Thursday Night~~
Flora said it..."Love is All". She knows, because she has been a love vigilante..always ready to love, always ready to feel, no matter what has come before, no matter what is, no matter what will be. I follow her path curiously, because, i know, that with her singleminded determination, her heart, someone is going to mesh with her in such a complete, glorious way, that she will be an inspiration to that which i hold so dear: complete, satisfied, almost smug, yet gloriously ingenuous, love.
As for me? I am writing my book. I happened to give Rikk's portfolio to the wife of an artist's agent today...I never miss an opportunity to promote him. He seems far away, yet, i still hold him close...perhaps i am a fool, or perhaps, like he says, i just need alot of external attention, to prove love.
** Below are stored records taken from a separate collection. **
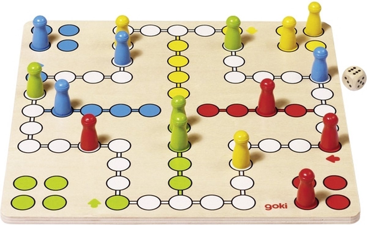 Goki Ludo bordspel - houten familiespel klassiek 2-4 spelersHet Ludo bordspel van Goki brengt het klassieke familiespel tot leven in een prachtige houten uitvoering. Met dit vrolijke spel kun je samen met vrienden of familie proberen om als eerste al je pionnen veilig thuis te brengen. Gooi de dobbelsteen, verplaats je gekleurde pionnen en beleef urenlang speelplezier!Dit houten Ludo spel is geschikt voor 2 tot 4 spelers en is ideaal voor kinderen vanaf 4 jaar. Het stevige speelbord en de kleurrijke pionnen zorgen voor een gezellige sfeer aan tafel. Ludo is makkelijk te leren, maar blijft spannend tot het einde. Wie bereikt als eerste het thuisvak?Extra informatieGemaakt van hoogwaardig hout voor langdurig speelplezierGeschikt voor 2 tot 4 spelers, ideaal voor het hele gezinInclusief speelbord, pionnen en dobbelsteenVanaf 4 jaar, stimuleert sociale interactie en spelinzicht.
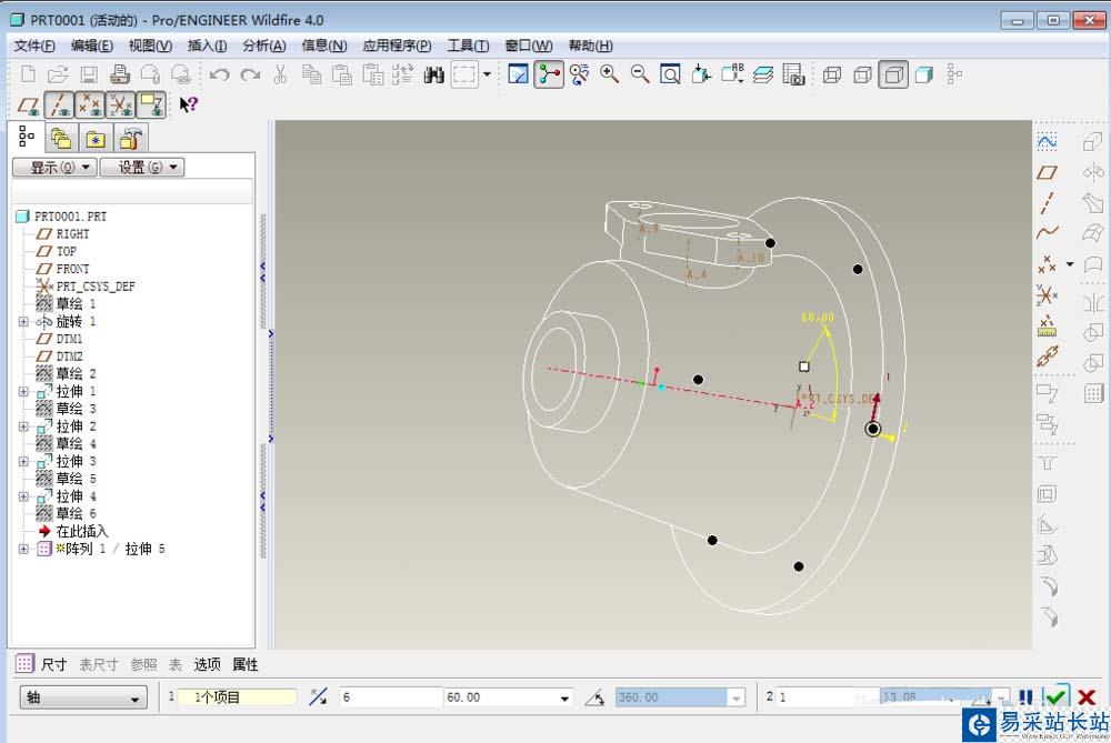 7、用陳列方式完成整周圓孔的制作。至此,二維圖就經三維的形式呈現在大家的面前了。
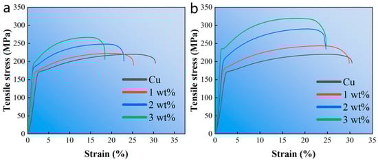 The engineering stress–strain curves of specimens. (a) Al2O3/Cu composites with different Al2O3 content; (b) Al2O3@Ag/Cu composites with different Al2O3@Ag content.
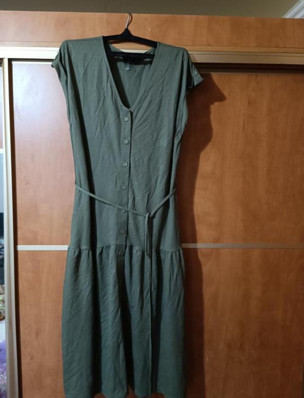 длинное платье, впереди застежка пуговки, низ волан, рукавчик отворот на пуговке, в составе вискоза,под поясочек
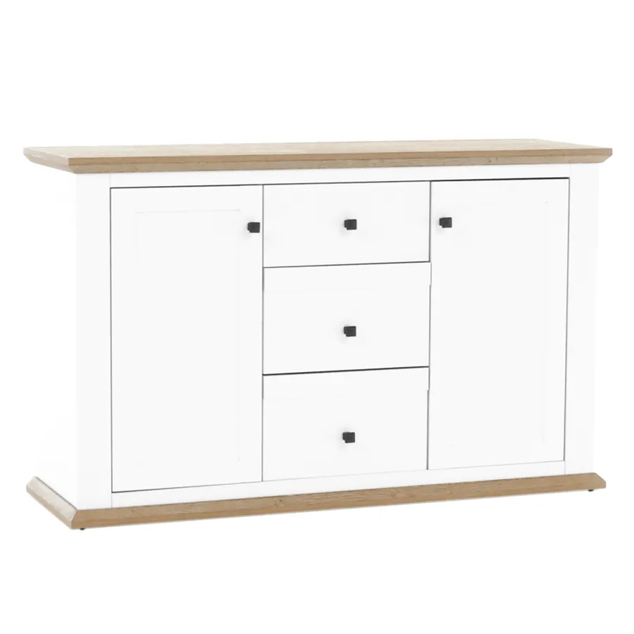 Na modernej vlne prichádza dvojdverová komoda so zásuvkami LEON MZ11. Jej rozmery sú (ŠxHxV): 140x45x87 cm. Zdobia ju skromné, ale elegantné kovové úchytky. Disponuje úložným priestorom v podobe troch zásuviek a dvoch jednodverových skriniek. Provensálsky sektorový nábytok LEON Vám pomôže zariadiť…
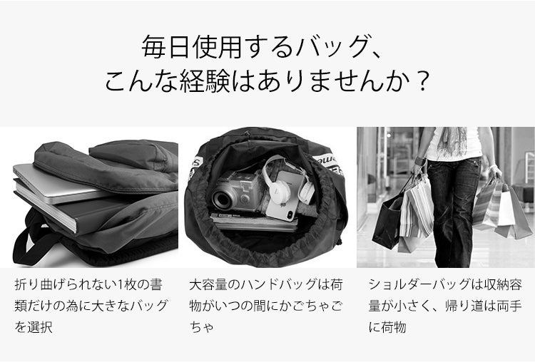 一つのバッグで三つの印象が楽しめる、折りたたみ式3WAYバッグ誕生!
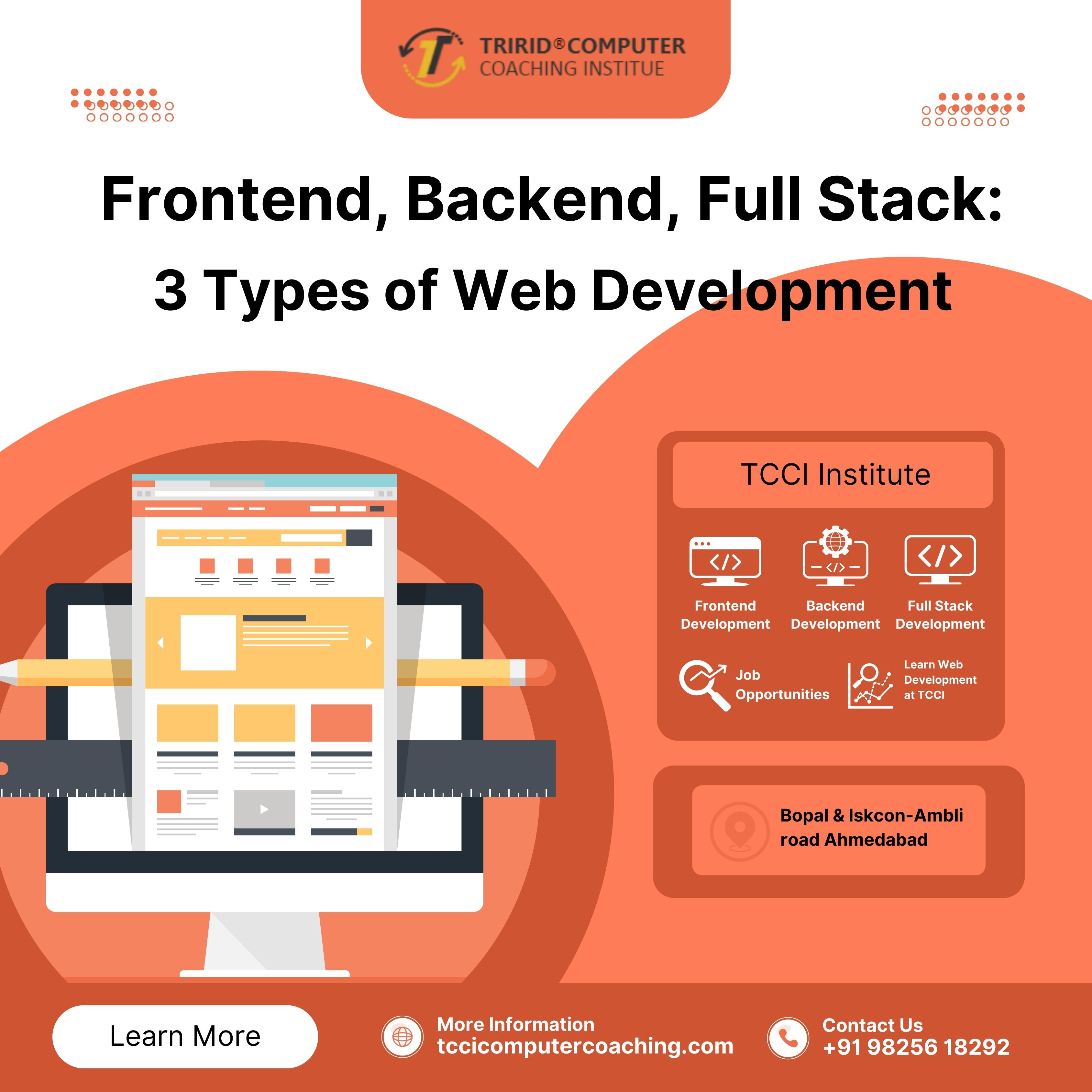 Frontend Backend Full Stack 3 Types of Web Development are essential skills in today’s digital age, enabling developers to build interactive websites and applications. The TCCI-Tririd Computer Coaching Institute provides expert training in Frontend, Backend, and Full Stack Development, helping students master the entire web development cycle.
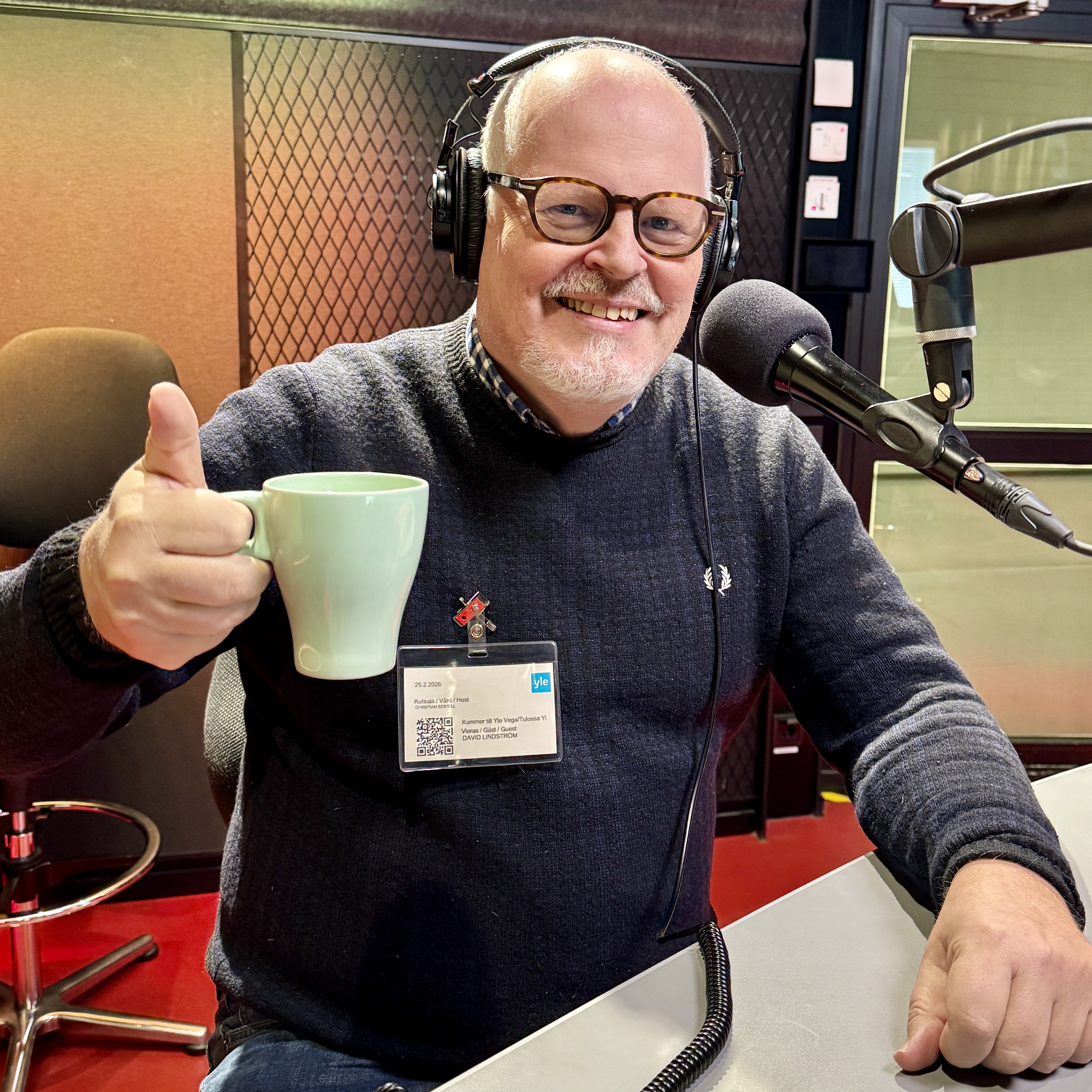 "description": "Kike Bertells lördagsgäst 28.2. är Eurovisionsfantasten David Lindström, som gjort en lång karriär som kommunikatör på Svenska Teatern. ",
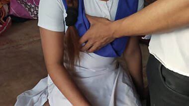 "Virgin-pussy schoolgirl does homework alone at home and stepdad arrives"
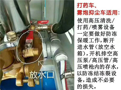 1,用抑塵灑水車之后放空灑水泵存水(再次使用需要添加引水),防止水泵凍裂,
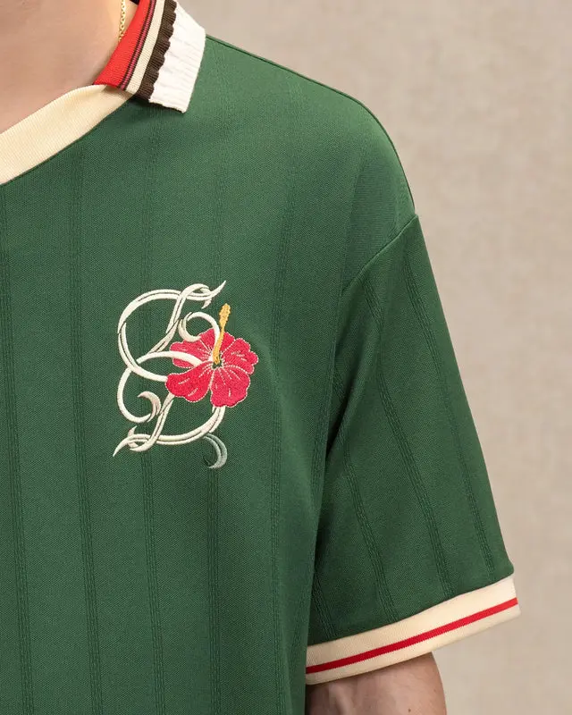 This dark green short-sleeve polo shirt in a cotton blend features a mirrored 'D' Hibiscus embroidery on the chest. It has a double V-neck with a shirt-style collar, as well as a ribbed collar and sleeve cuffs.
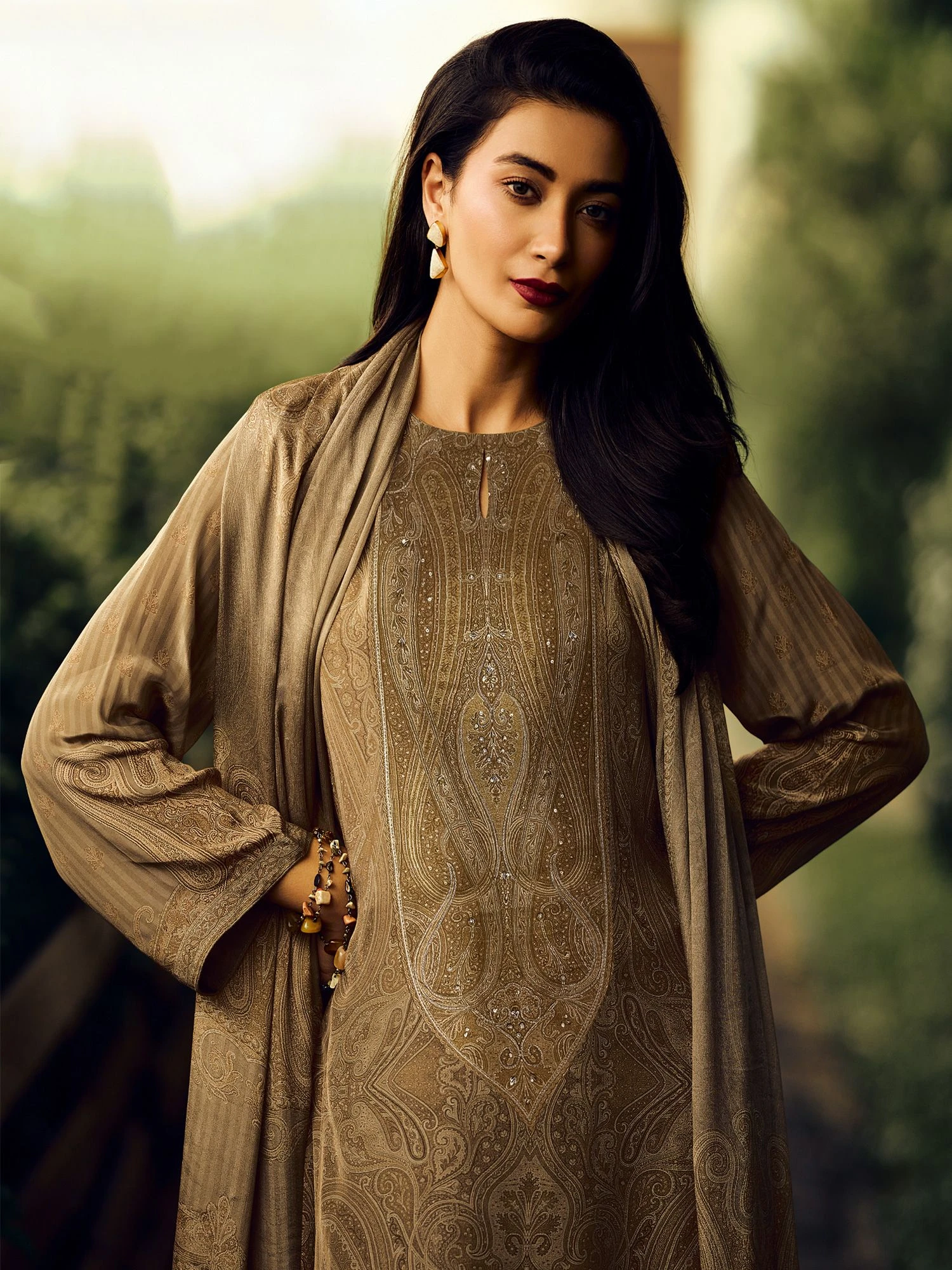 Own your effortless style as you wear this camel beige color straight cut kameez in pashmina silk. Designed using digitally printed embroidery all over. Paired with a pashmina silk dupatta and a palazzo style bottom, both made in beige color. Note: Accessories shown are for styling purpose only. Slight color variation may occur due to photographic reasons. The semi-stitched kameez can be customised upto 42 inches.

Posh! , i say. I just want so much to snuggle deep, that's all.
I have been cooking all day, and i am redolent with a peculiar perfume....garlic, and balsamic vinegar; asiago cheese and parmesan and tomatoes, cooked all day in a simmering sauce.
Food makes me crazy..perhaps that's why people like what i cook...I caress the vegetables before i slice them, i scrutinse them for color, and shape, and form...I taste, and stir, and fan the fragrant steam...and all the while, i whisper"God Bless You, Eat Well", adding the secret ingredient to my dishes..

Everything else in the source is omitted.